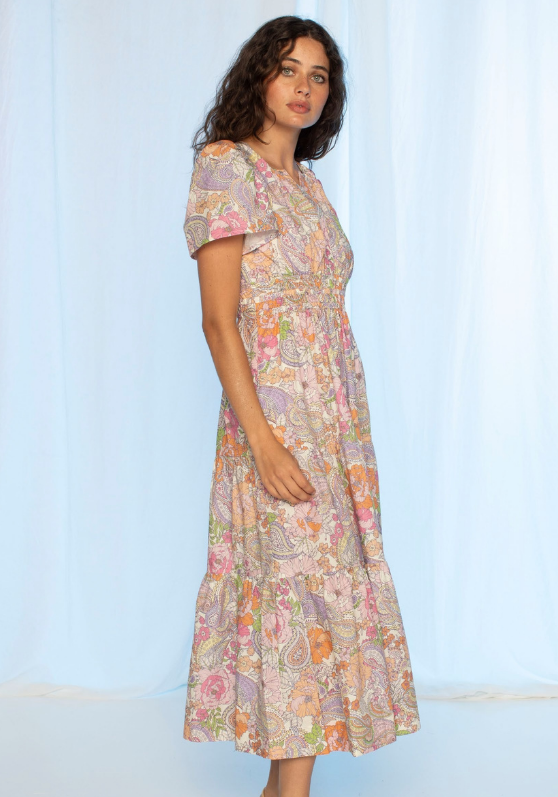 Featuring short sleeves and a flattering scoop split neckline, the Scarlett Dress is adorned with a vibrant floral print that brings a playful yet elegant touch. Light, breezy, and eye-catching, it’s the perfect piece to take you from daytime outings to evening dinners with ease and style.
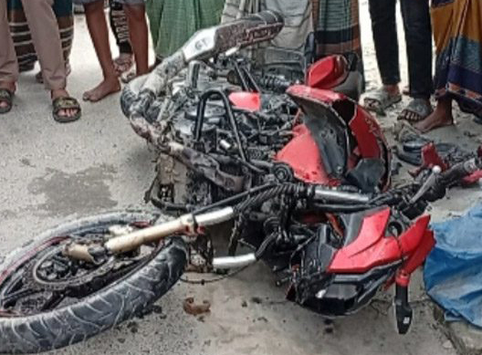 এ সংঘর্ষে মোটর সাইকেলটি ছিন্নভিন্ন হয়ে যায় এবং মোটরসাইকেলে
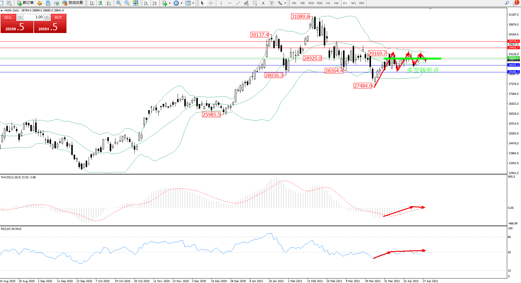 香港恒生指数4月28日(周三)收盘上涨129.8点,涨幅0.45%,报29071.34点;港股三大指数全天呈窄幅震荡,市场总体表现平稳。恒生科技指数涨0.19%报8532点。大型科技股涨跌参半,阿里巴巴、京东涨超2%,小米跌近4%,美团跌超1%;前期强势的铜业股、港口股全线回调,铜板块居市场跌幅首位,汽车股、餐饮股表现低迷。大市成交额萎缩至1362亿港元。南向资金今日净买入8.66亿港元,连续9日增持港股。香港交易所、药明生物、舜宇光学科技净买入额位列前三,分别获净买入6.64亿港元、5.55亿港元、2.57亿港元。净卖出前三个股为小米集团-W、腾讯控股、中国移动,分别遭净卖出6.98亿港元、4.78亿港元、1.93亿港元。市场已经消化调高印花税消息,港交所会配合政府工作,理解港府视为增加收入来源以及持份者对港股交投的担心,港交所会持续研究可在甚么地方增加交投活动。戴志坚称,港交所年内入股广州期货交易所是"突破性投资",成为首家内地交易所境外股东,除了股权投资外,也期望可在产品上也有合作,但广期所至今未有公布业务发展安排,不方便说更多。另外,在南向债券通未有额外补充,需要等内地有更多公布。港交所承认正研究SPAC上市机制,市传最快在6月底前咨询市场。

Description of the task:
Copy all of the material word for word, and include none of its pictures.

Expected output:
 Featuring short sleeves and a flattering scoop split neckline, the Scarlett Dress is adorned with a vibrant floral print that brings a playful yet elegant touch. Light, breezy, and eye-catching, it’s the perfect piece to take you from daytime outings to evening dinners with ease and style.
 এ সংঘর্ষে মোটর সাইকেলটি ছিন্নভিন্ন হয়ে যায় এবং মোটরসাইকেলে
 香港恒生指数4月28日(周三)收盘上涨129.8点,涨幅0.45%,报29071.34点;港股三大指数全天呈窄幅震荡,市场总体表现平稳。恒生科技指数涨0.19%报8532点。大型科技股涨跌参半,阿里巴巴、京东涨超2%,小米跌近4%,美团跌超1%;前期强势的铜业股、港口股全线回调,铜板块居市场跌幅首位,汽车股、餐饮股表现低迷。大市成交额萎缩至1362亿港元。南向资金今日净买入8.66亿港元,连续9日增持港股。香港交易所、药明生物、舜宇光学科技净买入额位列前三,分别获净买入6.64亿港元、5.55亿港元、2.57亿港元。净卖出前三个股为小米集团-W、腾讯控股、中国移动,分别遭净卖出6.98亿港元、4.78亿港元、1.93亿港元。市场已经消化调高印花税消息,港交所会配合政府工作,理解港府视为增加收入来源以及持份者对港股交投的担心,港交所会持续研究可在甚么地方增加交投活动。戴志坚称,港交所年内入股广州期货交易所是"突破性投资",成为首家内地交易所境外股东,除了股权投资外,也期望可在产品上也有合作,但广期所至今未有公布业务发展安排,不方便说更多。另外,在南向债券通未有额外补充,需要等内地有更多公布。港交所承认正研究SPAC上市机制,市传最快在6月底前咨询市场。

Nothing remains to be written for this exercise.